But isn't it really just converting back and forth between two representations of the same thing? A str with char width 1 is conceptually an ASCII string; you're just changing how it's exposed to the program. As it stands, when you have an ASCII string stored as a str, you can call str.encode() on it (whereby it will default to encoding='utf-8'), or you can call `bytes(s, 'utf-8')`, and pass in an argument which is conceptually ignored. (Unless it is in fact not an ASCII string!) On the other hand, `bytes(s)` means, "Encoding shall not be necessary." That could be semantically useful, and a non-ASCII string will trigger an exception, while the other methods will just encode.

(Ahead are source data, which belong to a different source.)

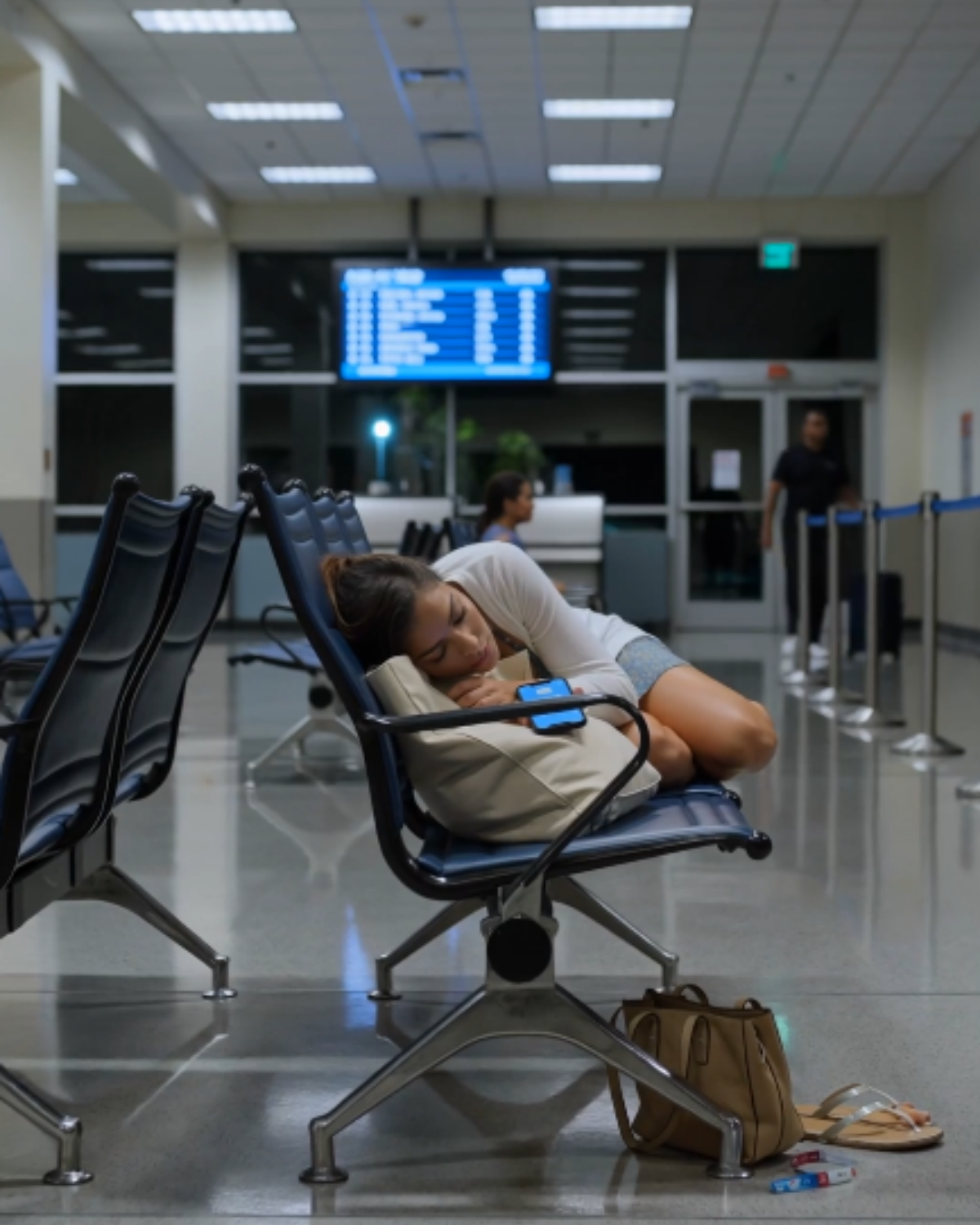 Around midnight, Jen posted one last update—almost like a punchline she didn’t understand she’d set up. A photo of Sarah curled up asleep in an airport chair, using her beach tote as a pillow.
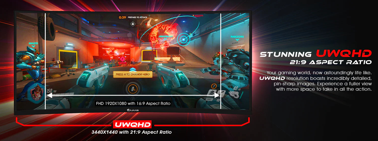 - UltraWide QHD Resolution: Immerse yourself in the world of gaming with a cinematic 3440x1440p Ultrawide Quad HD resolution. Witness your games in stunning detail, vibrant colors, and a wide field of view that brings every scene to life.
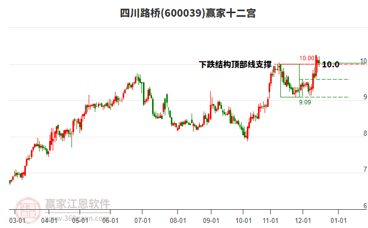四川路橋處于贏家江恩多頭次主線形態(tài),10月22日發(fā)出江恩筑底信號后,經(jīng)過69日,今日形成短期筑頂信號,短期多頭趨勢已被破壞,中期雖然處于回調(diào)中,但長期多頭趨勢延續(xù)。四川路橋根據(jù)贏家江恩極反通道趨勢工具
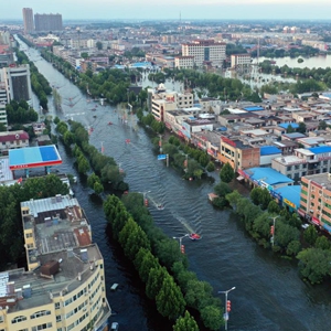 7月26日,在河南省衛輝市,救援船只穿梭于城區內(無人機照片)。
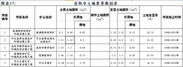 | 附表17 | 岳阳市土地复垦规划表 |

On 2016-06-14 19:46, Franklin? Lee wrote:
""" Python 3.5.1+ (default, Mar 30 2016, 22:46:26) [GCC 5.3.1 20160330] on linux Type "help", "copyright", "credits" or "license" for more information.
I think you might mean "code point that will be encoded to a single byte under UTF-8" (i.e. those in the ASCII range), because there are many code points that can be encoded to single bytes under various legacy encodings like ISO-8859-[1-15], the KOI variants, and so on.
What makes you say that the "utf-8" argument to `bytes` is conceptually ignored? That is the encoding used to convert the Unicode code points to bytes! That's by no means the only option either; Python supports multiple ASCII-incompatible encodings like UTF-16, UTF-32, and (as I recall) Shift-JIS, etc. 'utf-8' isn't hardcoded here, either; the encoding used is the one reported by `sys.getdefaultencoding()`. Saying "Unless it is in fact not an ASCII string!" doesn't make any sense either; UTF-8 is still used to convert e.g. U+0041 LATIN CAPITAL LETTER A to the byte 0x41. Even if your text string only contains code points in the range [U+0000, U+007F], this is a very important semantic distinction, so a big -1. MMR...

On Tue, Jun 14, 2016 at 07:46:34PM -0400, Franklin? Lee wrote:
How do you reason that? There are many one-character strings that aren't ASCII, and encode to two or more bytes. py> s = '\N{CJK UNIFIED IDEOGRAPH-4E4D}' py> len(s) 1 py> s.encode('big5') b'\xa5E' Other multibyte encodings include UTF-16 and UTF-32. Even single-byte encodings are not necessarily based on ASCII, e.g. the various EBCDIC codecs. The only string which is likely to return the same bytes under ALL encodings is the empty string. And even that is not guaranteed: imagine that somebody uses the codec machinary to create a string to bytes transformation which is not a pure character translation, e.g. a string-to-bytes version of: py> codecs.encode(b'', 'zip') b'x\x9c\x03\x00\x00\x00\x00\x01' Even ignoring such exotic transformations, it's not worth special casing the single case of '' --> b''. Who is going to write ''.encode() when they could just write b''?
Your comment in parentheses is the crux of the matter: your string may not be an ASCII string, so you don't know if the encoding is conceptually ignored. Besides, it may not be ignored: the FSR is a CPython implementation detail, not a language guarantee. 'A' is not necessarily stored internally as the single byte 0x41. Obvious alternatives are UTF-16 (two bytes) or UTF-32 (four bytes). I expect that Jython and IronPython will use whatever Java and .Net use for strings, which is unlikely to be the same as what CPython does.
Encode how? Just by copying bytes from whatever internal representation the Python compiler happens to use? Anything else requires a codec. You're suggesting raising an exception on non-ASCII strings, so either strings need an internal flag to say whether they're ASCII or not (possibly a good idea regardless), or bytes(s) has to scan the string, not just copy it. To my mind, it sounds like giving bytes a default encoding of 'ascii' might satify you. Or you can write a wrapper: def bytes(s): return builtins.bytes(s, 'ascii') -- Steve

On Tue, Jun 14, 2016, at 21:06, Steven D'Aprano wrote:
I think he's using "char width" to mean "width of the character type in bytes", not "length of the string", and referring to implementation details of the FSR. But at that point, why say it's conceptually ASCII rather than conceptually Latin-1?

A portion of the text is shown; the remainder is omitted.